Exercise data.
====================

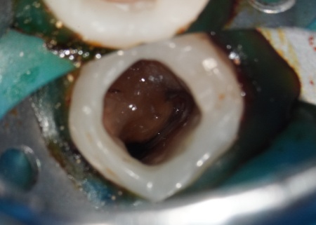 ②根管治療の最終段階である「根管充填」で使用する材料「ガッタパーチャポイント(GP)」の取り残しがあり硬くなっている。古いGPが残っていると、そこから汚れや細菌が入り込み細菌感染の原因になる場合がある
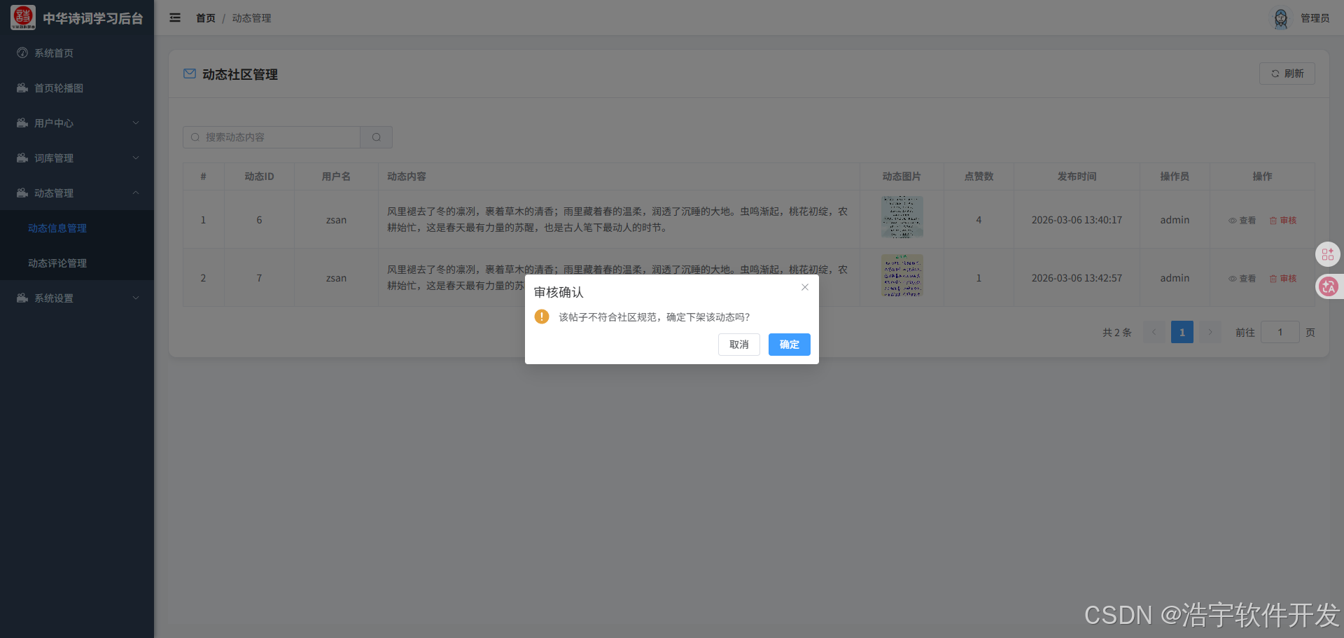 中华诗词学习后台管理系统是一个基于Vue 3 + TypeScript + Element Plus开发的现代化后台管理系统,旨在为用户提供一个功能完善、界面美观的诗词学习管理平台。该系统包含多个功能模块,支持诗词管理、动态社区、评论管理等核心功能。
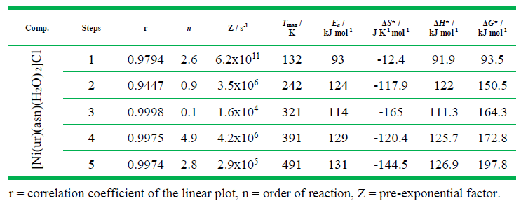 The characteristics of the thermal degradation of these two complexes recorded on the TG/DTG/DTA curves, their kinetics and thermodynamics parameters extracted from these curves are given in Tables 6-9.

====================

All of the data above needs to be given again exactly. Leave out each image.

Worked solution.
 ②根管治療の最終段階である「根管充填」で使用する材料「ガッタパーチャポイント(GP)」の取り残しがあり硬くなっている。古いGPが残っていると、そこから汚れや細菌が入り込み細菌感染の原因になる場合がある
 中华诗词学习后台管理系统是一个基于Vue 3 + TypeScript + Element Plus开发的现代化后台管理系统,旨在为用户提供一个功能完善、界面美观的诗词学习管理平台。该系统包含多个功能模块,支持诗词管理、动态社区、评论管理等核心功能。
 The characteristics of the thermal degradation of these two complexes recorded on the TG/DTG/DTA curves, their kinetics and thermodynamics parameters extracted from these curves are given in Tables 6-9.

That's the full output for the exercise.